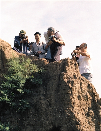 罗哲文等专家们在考察呼和浩特市北乌素图召北阴山脚下的战国赵北长城。
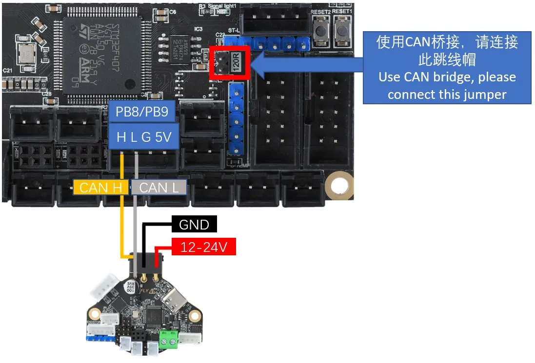 - 请注意工具板电源线不是接到CAN口,是接到12V-24v电源线上
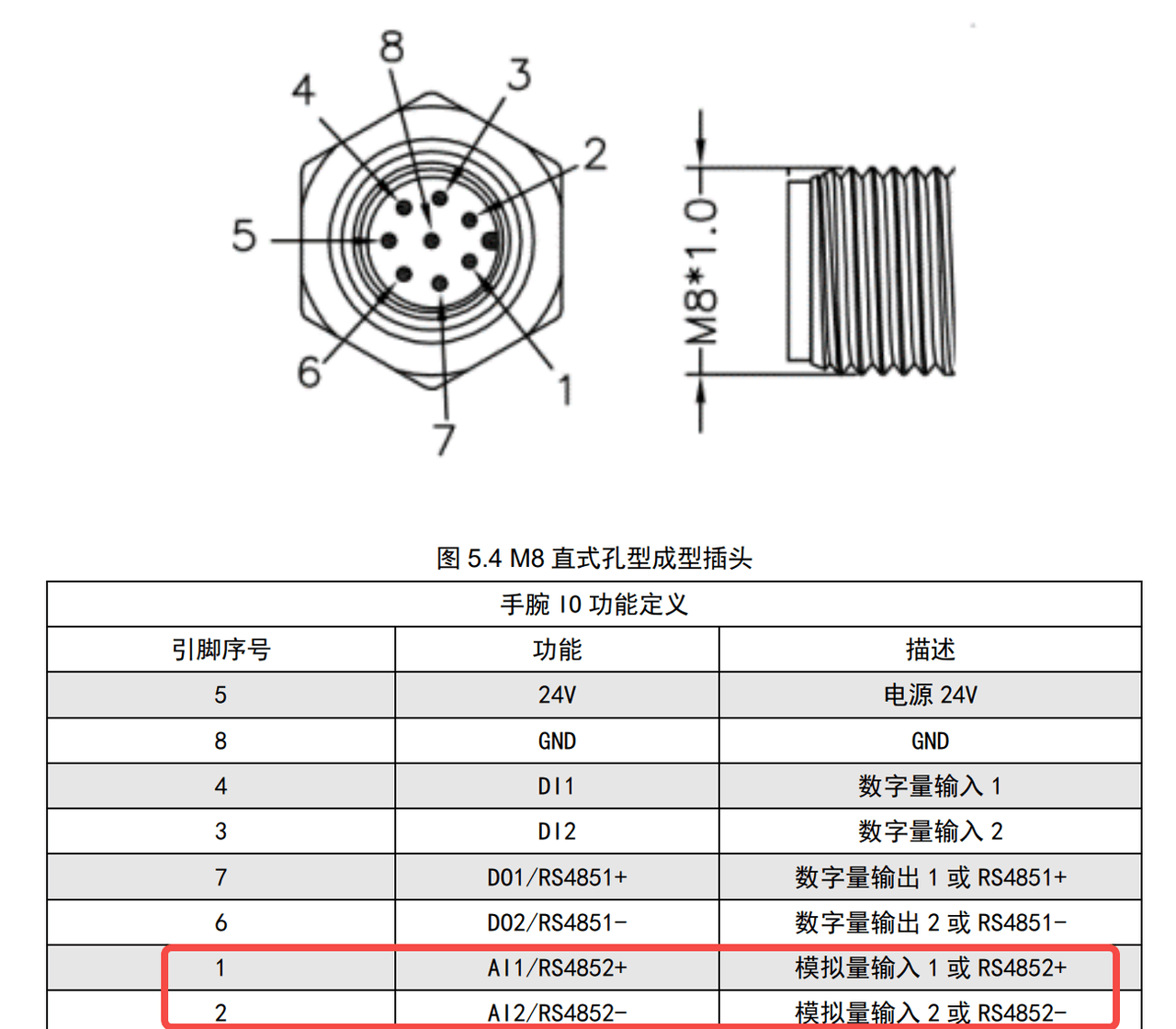 请选择下图:引脚 5 供 24v, 引脚 8 供电 0V,并 查看 4.3 如何在机器人软件配置
########
• [GOAL OF THE EXERCISE]: Output the material word for word. Pictures do not go in.

• [ANSWER TO THIS PROBLEM]:
 罗哲文等专家们在考察呼和浩特市北乌素图召北阴山脚下的战国赵北长城。
 - 请注意工具板电源线不是接到CAN口,是接到12V-24v电源线上
 请选择下图:引脚 5 供 24v, 引脚 8 供电 0V,并 查看 4.3 如何在机器人软件配置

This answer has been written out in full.